Being a Landlord in the Decentraland Metaverse

There are several advantages to being a landlord in the Metaverse right now, whether solo or a stakeholder in a bigger corporation. Three of these are shown below:

  1. You can make money as your virtual Land grows in value: Decentraland has been around much more than other platforms like the Sandbox. Data about Decentraland sales from dates back to 2017, when the native Decentraland currency, MANA (CRYPTO: MANA), was worth pennies on today’s dollar.
  2. Commercial renters are more readily available than you would think: Landowners in Decentraland frequently rent out their lots and finished properties, generating revenue from a piece of virtual real estate that they may have owned in the distant past. They primarily rent to people, but the beauty of the current metaverse is that many commercial players are also becoming involved. For example, you could build virtual malls, workplaces, or virtual event spaces and rent them out instead of renting virtual houses and flats. Suddenly, you’re a real-world business landlord with real-world commercial endeavors that you can touch. Brands are making a massive push into the metaverse, and they’ll need a lot of room to convey their messages to everyone who happens to be nearby.
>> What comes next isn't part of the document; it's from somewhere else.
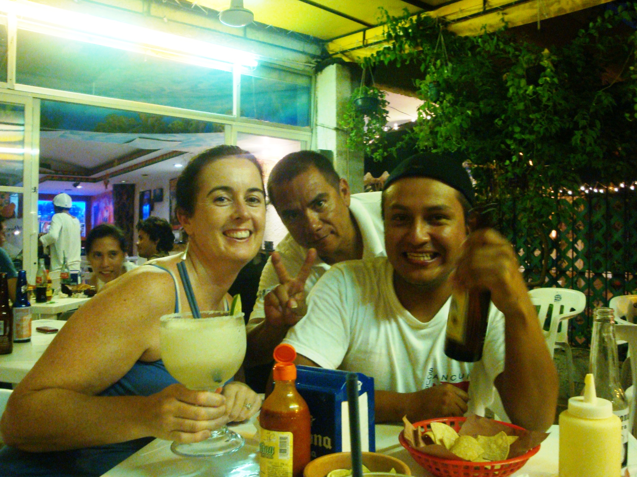 Later, wandering down the street near the hotel on the way back from the internet place, I heard my (Mexican) name being hollered behind us: “Margarita! MARGARITA!!”. It was Victor who had just dropped off my dive DVD. We joined himself and Quetzal in a little local place called Pescaditos for a bite to eat. I happily received my first – enormous – frozen margarita of the Mexico trip, and then a second. How lovely to have a cocktail named after me. Quetzal recommended the pescadillas as a house speciality and he was right. Sort of like a fish empanada or a quesadilla using fish instead of cheese, it was served with an excellent habanero sauce that we couldn’t get enough of. We put the world to rights with Victor and Quetzal, before heading back to the hotel to pack our bags ready for our trip to Tulum early the next morning. An excellent end to an excellent day.

  3. When compared to the actual world, input costs are modest: Even if you hired a virtual structural designer to assist you in building a Metaverse property, the input cost is insignificant compared to the price of real estate in the actual world. This is because there are no property inspections; there are no restrictions on what you can and cannot build (gravity isn’t even an issue, which is interesting); and there are no restrictions on who may inhabit what and for how long. You’ll pay a little more, but you’ll have no actual building supplies to deal with, no waste, and no supply chain issues to worry about. Pixels and electrons are used to construct everything. Even if there is a resin scarcity and the color blue is out of supply till further notice, those can be tweaked as needed.
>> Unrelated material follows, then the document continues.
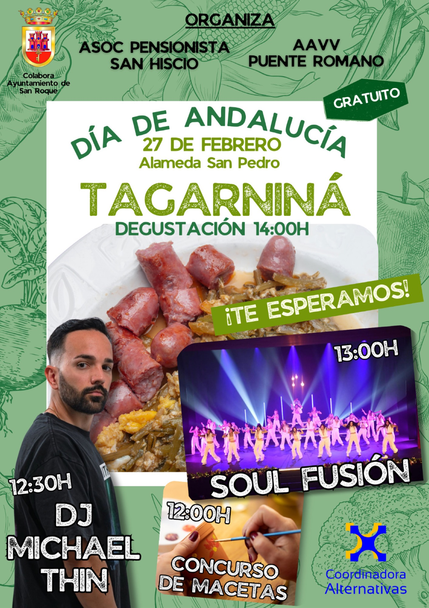 Con motivo de la celebración, el viernes 28, del Día de Andalucía, la Asociación de Pensionistas San Hiscio y la Asociación de Vecinos Puente Romano organizan para el jueves 27 a partir de las 12.00 horas una serie de actividades de asistencia gratuita en la Alameda de San Pedro. Colaboran el Ayuntamiento de San Roque y la Coordinadora Alternativas, que impulsan el programa Eracis en la barriada.

‍ The metaverse is an exciting new chapter in the internet’s history, where our physical and virtual lives will blend more than ever before; virtual Land will be a vital component of these new virtual worlds. Twenty years ago, a Fifth Avenue storefront was the holy grail; now, a first-page Google or Amazon ranking may bring in millions of dollars; and tomorrow, a premium piece of virtual real estate in the appropriate virtual environment could be the equivalent. However, because this is a new field, there are huge dangers, and we’re still early in the adoption curve; it’s still a gamble as to which platforms will emerge as the final victors and what people actually desire.